- REQUIRED WORK
Please give back word for word the lines of the material below between the line containing "Envoyez par email" and the line containing "Table Console Moderne", inclusive.

- RECORDS FOR THIS TASK
+++
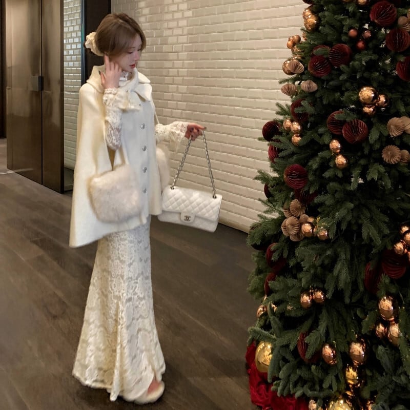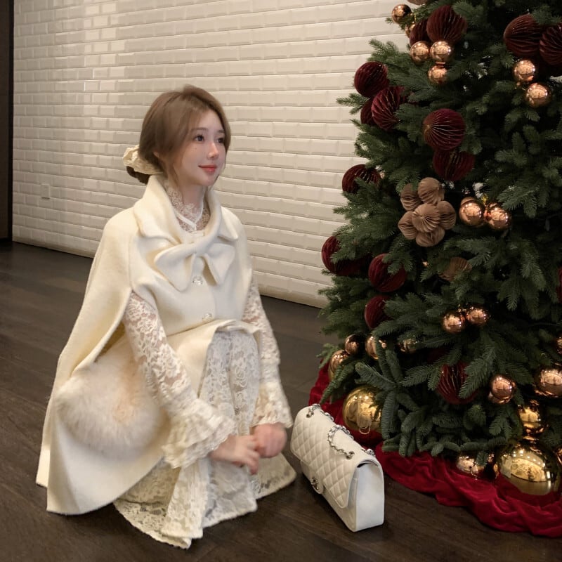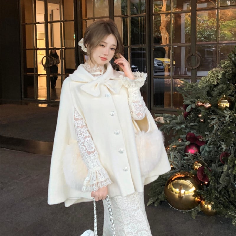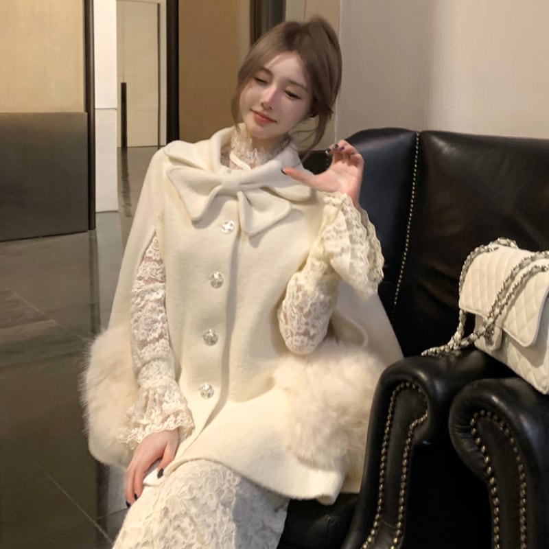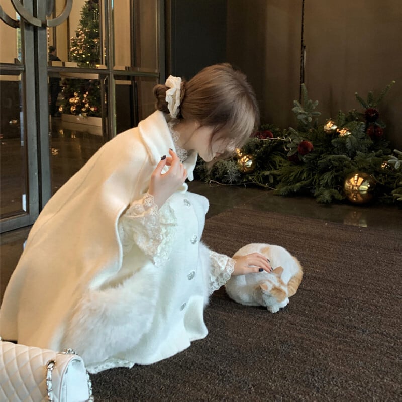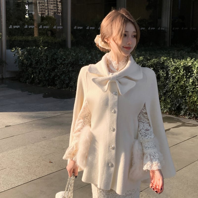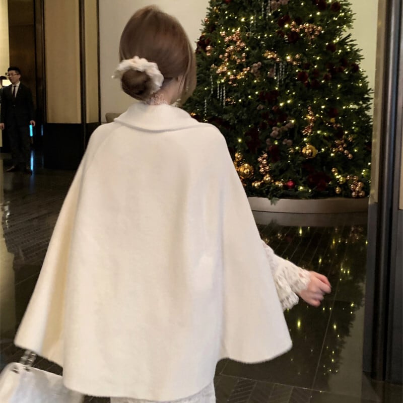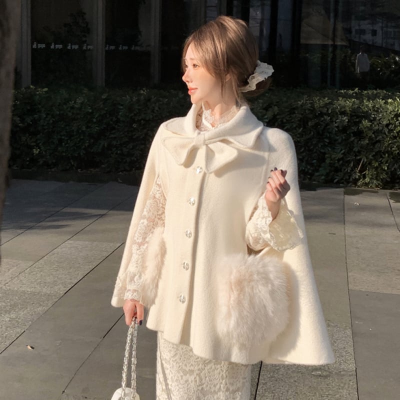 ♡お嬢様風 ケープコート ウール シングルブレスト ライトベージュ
+++
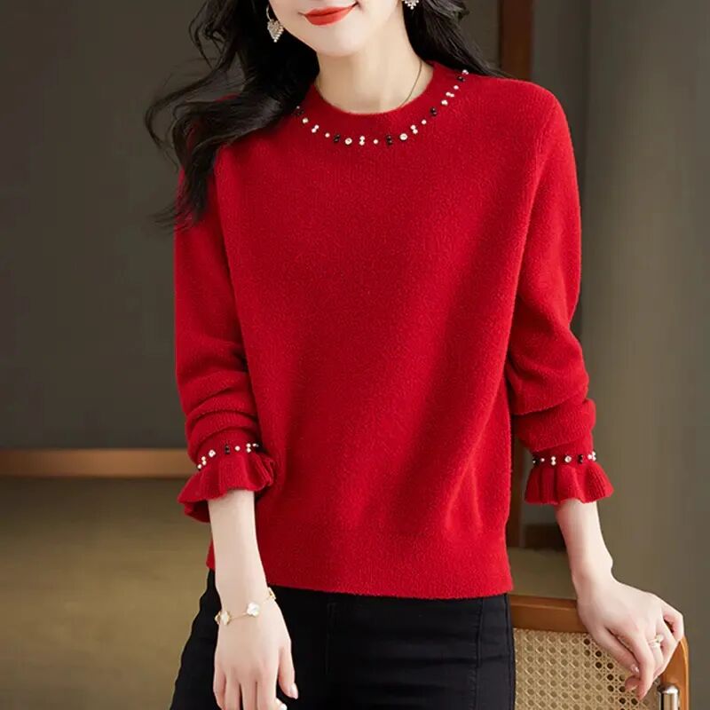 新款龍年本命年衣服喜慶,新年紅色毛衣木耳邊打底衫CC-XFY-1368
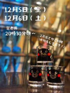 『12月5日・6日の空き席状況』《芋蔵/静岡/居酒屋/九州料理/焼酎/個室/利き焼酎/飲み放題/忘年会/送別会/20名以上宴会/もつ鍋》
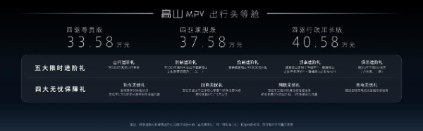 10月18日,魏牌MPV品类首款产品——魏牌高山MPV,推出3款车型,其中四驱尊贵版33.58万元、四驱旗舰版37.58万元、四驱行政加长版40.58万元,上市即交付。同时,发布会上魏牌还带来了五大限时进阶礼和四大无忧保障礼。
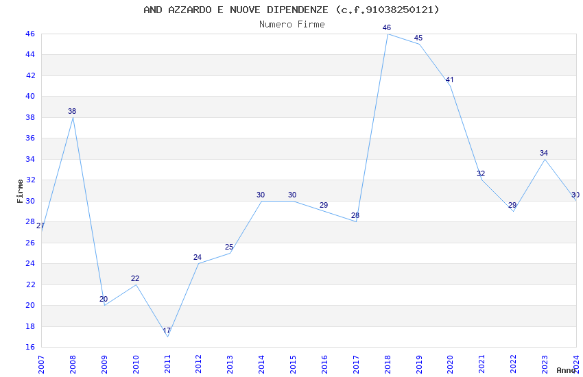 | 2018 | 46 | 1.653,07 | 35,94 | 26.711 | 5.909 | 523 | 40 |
+++
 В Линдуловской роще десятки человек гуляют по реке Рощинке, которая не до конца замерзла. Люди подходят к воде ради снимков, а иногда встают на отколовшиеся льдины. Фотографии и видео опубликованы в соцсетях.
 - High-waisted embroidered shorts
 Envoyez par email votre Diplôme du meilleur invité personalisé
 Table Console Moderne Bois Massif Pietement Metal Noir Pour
+++
- YOUR RESPONSE
 Envoyez par email votre Diplôme du meilleur invité personalisé
 Table Console Moderne Bois Massif Pietement Metal Noir Pour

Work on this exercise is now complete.